Sunday, September 30, 2012

China Miéville’s use of the ampersand in place of ‘and’

Train spotting
Deepanjana Pal
By the time you reach chapter 33 of Railsea, you’ve probably accepted author China Miéville’s use of the ampersand in place of ‘and’ (even at the start of sentences) as an idiosyncrasy. There are odder, more fantastical things that you’ve encountered in the novel, one-third of which is over by now. You’ve met Sham, the young protagonist, and through him been introduced to the large tracts of earth that are considered dangerous and can only be traversed by a looping, tangled network of rails, known as railsea. The predators in Sham’s world are giant, bloodthirsty versions of animals we consider largely harmless, like moles (or “moldywarpes”). You know that here, there are two “layers” of sky and four layers of earth. The railsea is on “flatearth”, the second level, and connects habitable lands (layer three) as well as going off into dangerous, unpeopled terrains. There are ancient stories, blurred by the passage of time, about the beginning of the rails. Now, as far as this civilisation is concerned, the railsea’s eternal continuity is the unshakeable plinth upon which this society rests.
Then in chapter 33, Miéville tells the reader that at one time & was written “with several distinct and separate letters”. Then people learnt to ride the railsea and with it came the use of &. “What word better could there be to symbolise the railsea that connects and separates all lands, than ‘&’ itself?... & what better embodies, in the sweep of the pen, the recurred motion of the trains, than ‘&’?” With that, the idiosyncratic suddenly makes sense and you have to doff your cap to Miéville for how elaborately he has imagined Railsea.
The novel presents geography and geology differently from the way we know them and in the pages of the novel is a culture that seems familiar but is also unsettlingly unfamiliar. Child labour is rampant but it isn’t abusive. The most unexpected animals are fearsome, like ants and owls. Words have different meanings. For example, when the captain of a train identifies one particular animal as their personal nemesis and decides to hunt it, that quest is called a philosophy. One of the more evocative parts of the book is when Sham is in a place called Manhiki and in Miéville’s descriptions, Sham’s wonderment at this “mongrel place” is mirrored in the reader. “History seemed meaningless here, or at least bewildered. …shops, stalls & hawkers selling bottles & magnets. Flowers & cameras. Illustrations of beasts & angels punishing the hubristic, sneaking out at night & fixing rails, of swirling-winged birds from beyond the world.”

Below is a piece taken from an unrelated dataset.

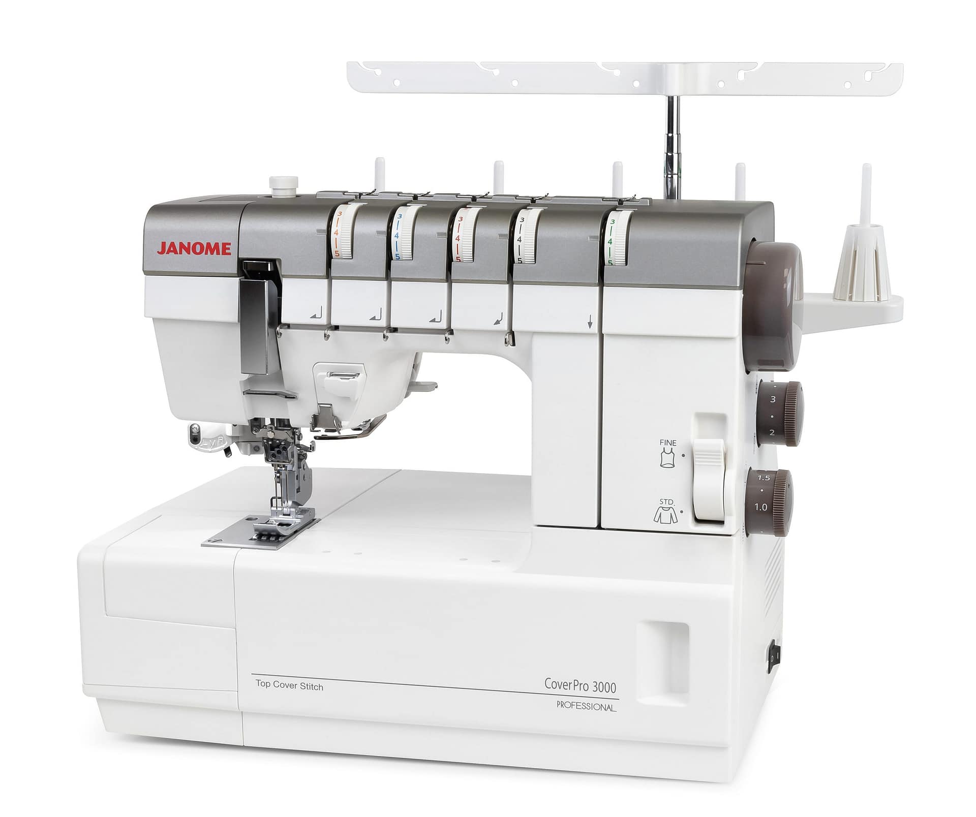 Cover Hem Sewing Machine featuring Top Cover Stitch. Features Tension Level Control (TLC) system for easy adjustments from fine to heavy fabrics. Machine engineered with ball bearing for more durable, smooth and stable sewing. Needle threader included. The CP3000P is the brightest Cover Hem on the market with LED in 3 different places including Janomeโs extending High light. Quick reference chart provides full color reference guide to help you adjust to the perfect stitch without consulting manual. Unique free arm capability, LED light, 1,000 stitches per minute, three needle 3-6mm widths, chain stitch, EZ Looper threading, extra long bed, Instructional DVD, Instruction book in English/Spanish/French. (5 cones of thread and dust cover included.)

Two quests power the novel forward — one, inspired by Moby Dick, is for a white moldywarpe that Sham’s captain, Abacat Naphi; the other is Sham’s own, for a place that he’s seen in a photo where the tangle of railsea distils down to a single rail. It’s not particularly difficult to deduce how these quests conclude, whether or not you’ve read Moby Dick. There’s only one place where train tracks end and only a few possibilities when it comes to hunting an animal. Miéville’s staunch Marxism results in a ludicrous episode near the end. “Big men and women … ape-like, wolf like, fatly feline” — symbolising greedy capitalists — lumber up and ask for money they believe is owed to them from centuries ago. They’re more ridiculous than menacing and are the weakest part of Railsea.
It takes a while to settle into the world of Railsea, and not just because it begins with Sham faced with literally a mountain of bloody flesh (his crew has killed a moldywarpe). It’s a gory beginning and one that gives the reader fair warning that the world of Railsea is a brutal one. There seems to be little room for kindness and more delicate emotions here. By the end of the book, on the other hand, a very different expanse faces Sham and the harshness of the reality has been blunted by emotional bonds forged during the course of the journeys across the railsea.
Miéville’s novels have a reputation of creating steampunk fantasies that feel almost organic. In comparison to some of Miéville’s more celebrated work, like The City And The City, Railsea is slack and, much like the rails, the plot goes around in circles. But it’s still impressively imagined and Miéville’s inventive use of language makes reading the novel much like going on a treasure hunt. In Railsea, however, the hunt is more engaging than the treasure.